I guess the main problem here is that a lot of what is considered romantic and swoonworthy in the Anglo-American part of the world, not just doesn’t do a thing for me, I actively dislike it. And I only wrote Anglo-American, because E.L. James, author of Fifty Shades of Grey, is British. But mainly, books like Fifty Shades of Grey or Harlequin Presents (which have several British authors as well) or the rapetastic bodicerippers of yesteryear are an American phenomenon and reflect the conflicted American attitudes about sexuality, namely that the only way a woman is allowed to enjoy sex without being labeled a slut is if she’s forced into it by an overpowering man. The old bodiceripper style romances were never as popular in Europe (including the UK) as in the US and most European readers I have spoken to actively hated them.
The third is from acrackedmoon at Requires Only That You Hate. The language is strong and I'm sure we could all think of romances which would serve as counter-examples. That doesn't invalidate her critique though: if anything, her "hatred and geekrage" seems to me to demonstrate the extent of the pain which romances can cause some people:
I don’t know about other queer women, but to me the prevalence of romance–not as a genre by itself, but romance as a pop-culture entity–fucked me up pretty severely [...] if you’re telling me that romance is categorically feminist, you’re contributing to this large damage in an insidious, silencing way. The proponents of romance-is-feminist school of thought like to pass such fiction off as inherently progressive because it is written mostly by women and targets women as an audience: it pushes the idea that reading these books is liberating and sex-positive and, what’s more, reading them is good for you. Because feminism! Liberation from the yoke of repression and sexual dissatisfaction!

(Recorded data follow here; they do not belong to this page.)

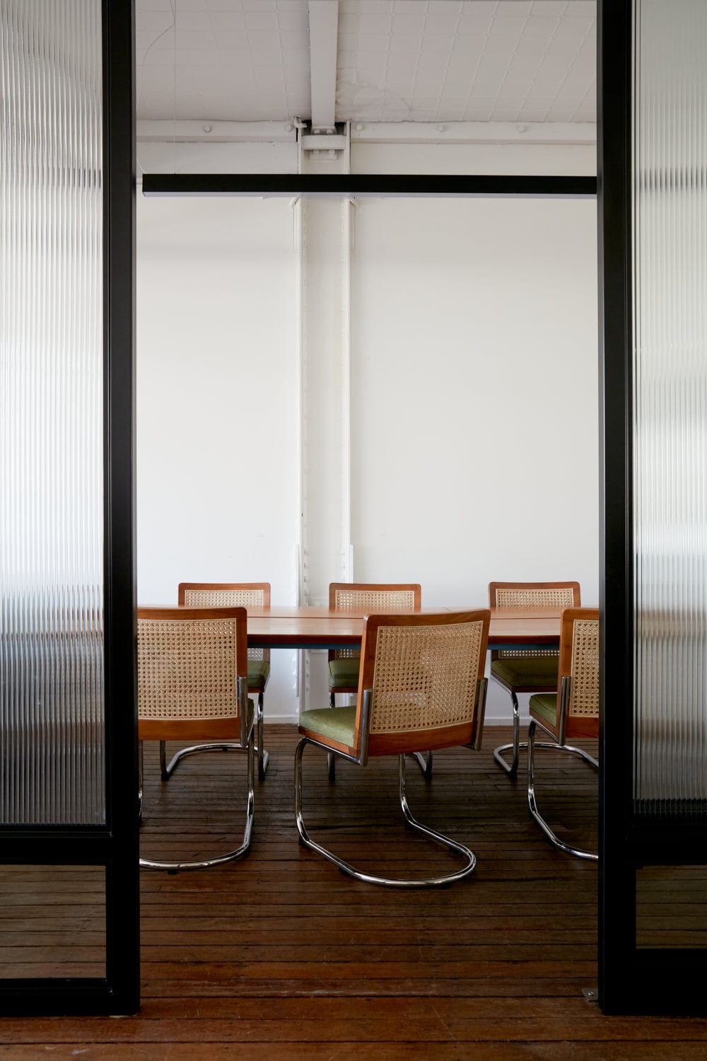 With sustainability always in mind, their original Willy table was repurposed as the boardroom table and paired with Rosie rattan chairs.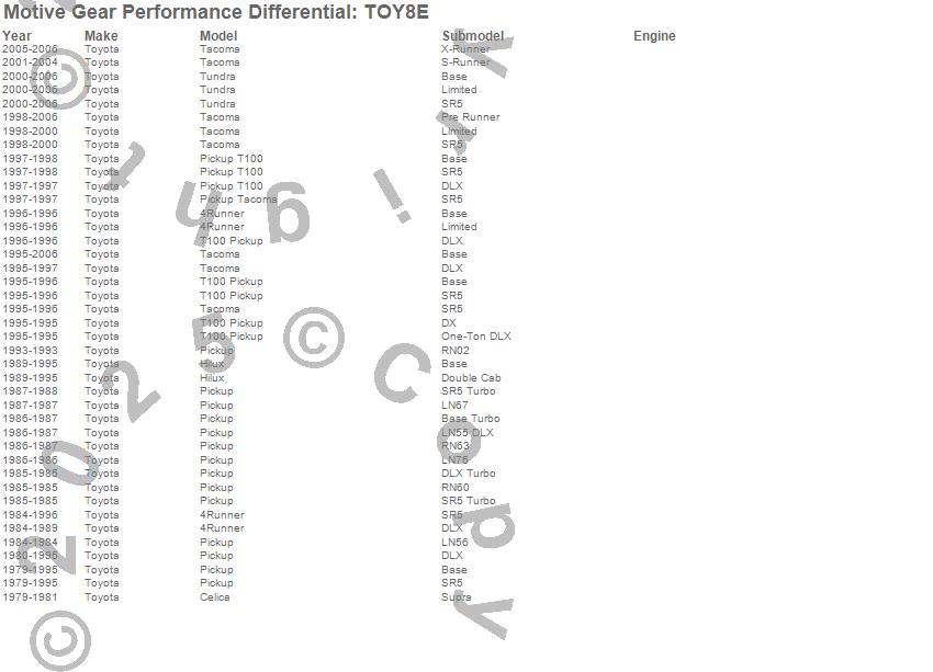 Below is an abreviated list of applications for the Differential Gear Case.
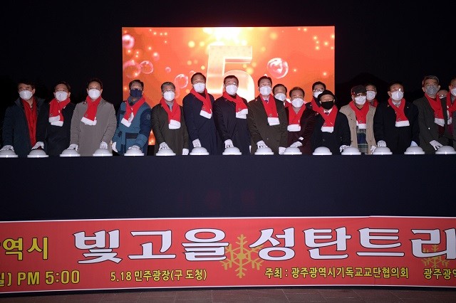 [광주=정찬남 기자] 이용섭 광주광역시장(좌측부터 7번)이 5일 오후 5·18민주광장에서 열린 2021 빛고을 성탄문화축제 성탄트리 점화식에 참석해 축하메세지를 한 후 참석자들과 함께 성탄트리 점화를 하고 있다.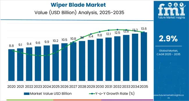 The global wiper blade market is entering a phase of sustained and technology-driven growth, with total market valuation projected to rise from USD 10.22 billion in 2025 to USD 13.61 billion by 2035. This expansion represents an absolute increase of USD 3.39 billion over the forecast period, reflecting a compound annual growth rate (CAGR) of 2.9%. The market's steady trajectory underscores the critical role of wiper blades as an essential safety component, directly influencing driver visibility, vehicle compliance, and operational reliability across all automotive segments.As global vehicle production and ownership continue to expand, demand for both original equipment manufacturer (OEM) installations and aftermarket replacement solutions is strengthening. Wiper blades, once viewed as routine maintenance components, are increasingly being recognized as high-performance systems that contribute to safety, durability, and driving comfort across diverse weather conditions.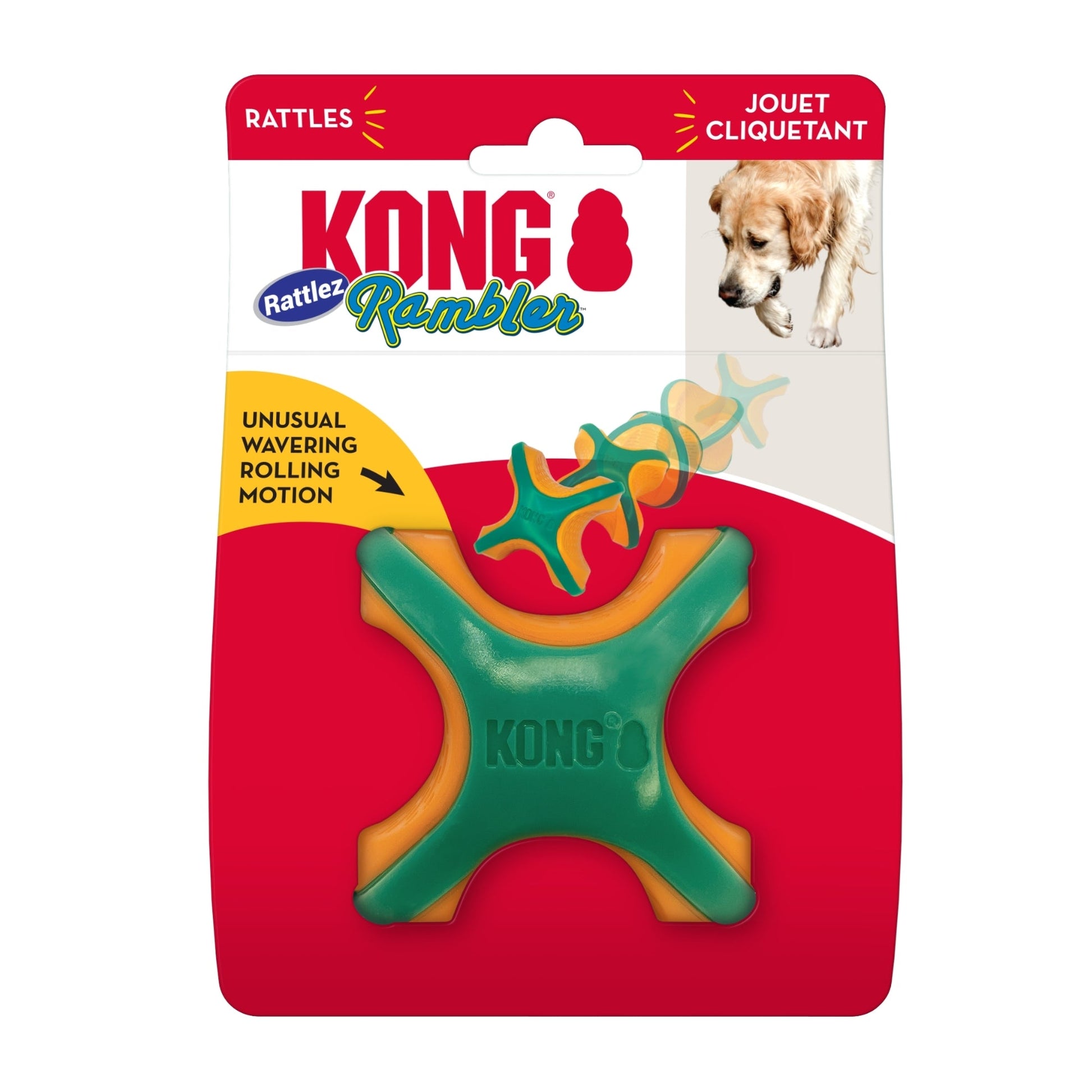 KONG Ramblerz Rattlerz’ quirky, wavering rolling action invites dogs to play. Durable construction ensures long-lasting fetch-and-chew action that satisfies natural instincts. Rattle keeps dogs playing for tons of healthy interactive play—indoors and out.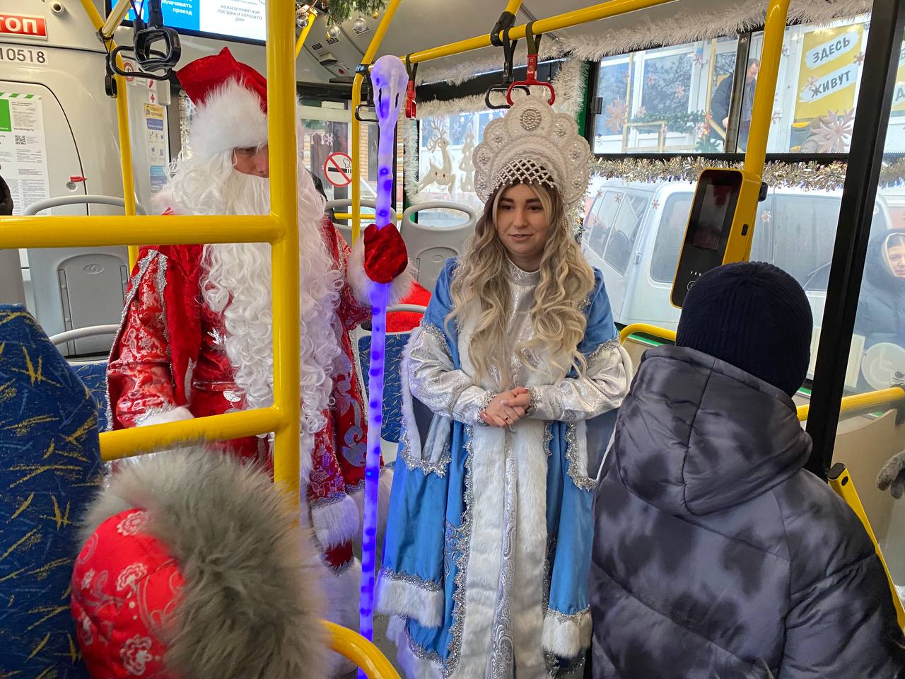 Главные волшебники - Дед Мороз и Снегурочка - приехали на мероприятие в украшенном «Волгабасе». Дети заглянули в кабину, узнали правила поведения в общественном транспорте, а самые любознательные даже попробовали себя в роли водителей - нажали на клаксон и посидели за рулём.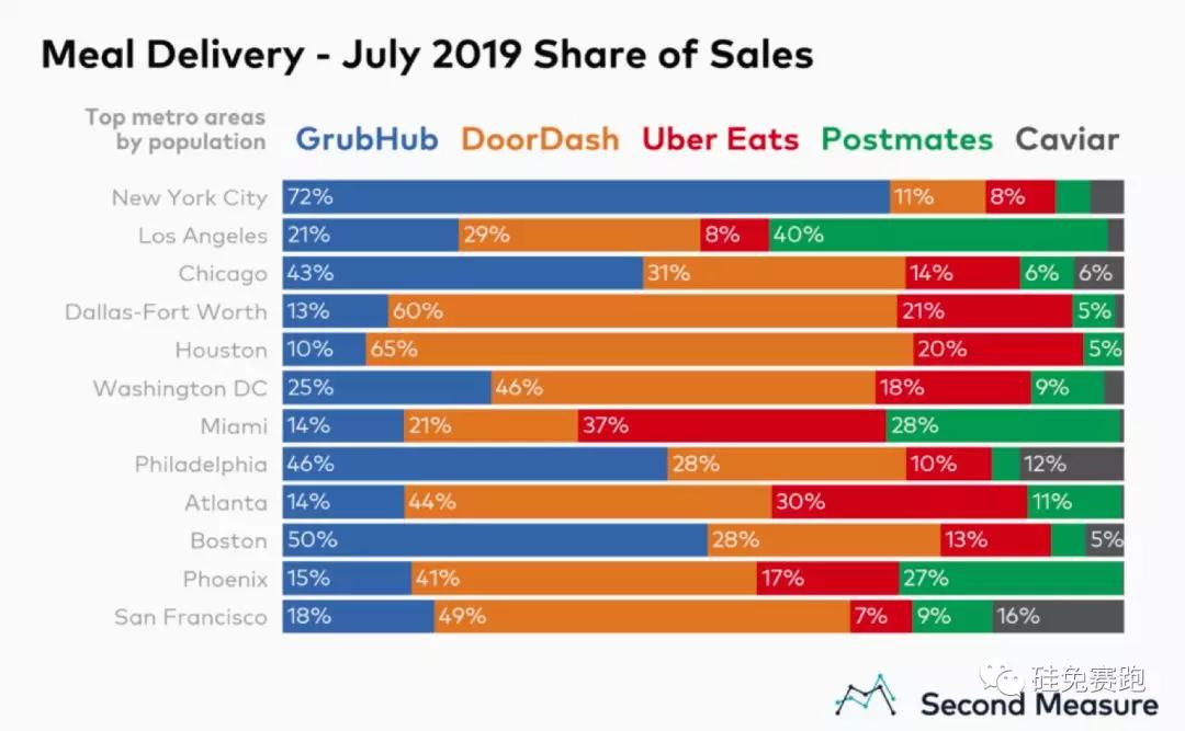 GrubHub在东北区如纽约和波士顿最受欢迎,而DoorDash在德州遥遥领先,Postmates则在洛杉矶当仁不让的占据了40%的市场。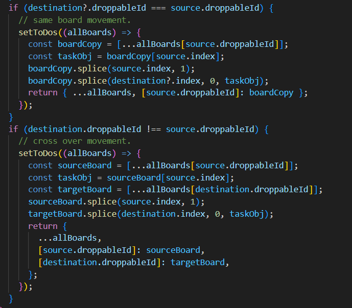 위는 onDragEnd의 타입으로 함수가 어떻게 생겼는지 알 수 있다. DropResult도 열어서 살펴보면 destination, source 등의 prop들이 있는 것을 알 수 있다. 해당 prop들을 이용해서 재정렬 함수를 만들 수 있다.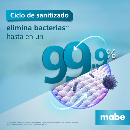 Utiliza altas temperaturas para eliminar 99.9%*de bacterias en la ropa y dejarla impecable.
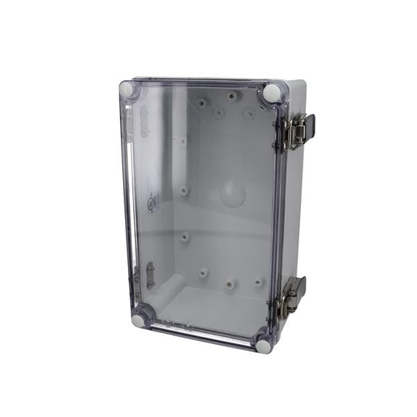 Bud Industries PTH-22492-C Electrical Enclosures PC+10% Fiberglass Box, Self-Locking Latch and Clear Cover (9.1 X 5.5 X 3.7 In) | EMINKH.COM

Tell me this and I’ll kick you in the fucking teeth.

Yes, romance presents possibilities: as long as those possibilities involve finding a man. Yes, romance explores and depicts female desire: as long as that is a desire to have a cock shoved into your orifices. Yes, romance is about the “everywoman” whom we can all identify with as long as you can identify with a straight white woman from the first world. It reinforces the hegemony of what is normal, and what’s normal is straight sex, straight female desire, centering your life around the fantasy man, and being culturally rooted in the west. Romance enforces the hegemony of ethnocentricism, heteronormativity, and cultural imperialism. It’s not the only thing that does this: so does SFF, so does every other form of popular media.
Acrackedmoon is aware of the existence of lesbian and m/m romance; there are romances about people other than straight white women from the first world. Just, not a lot of them. Taken as a whole, popular romance fiction does marginalise certain kinds of stories and certain kinds of protagonists.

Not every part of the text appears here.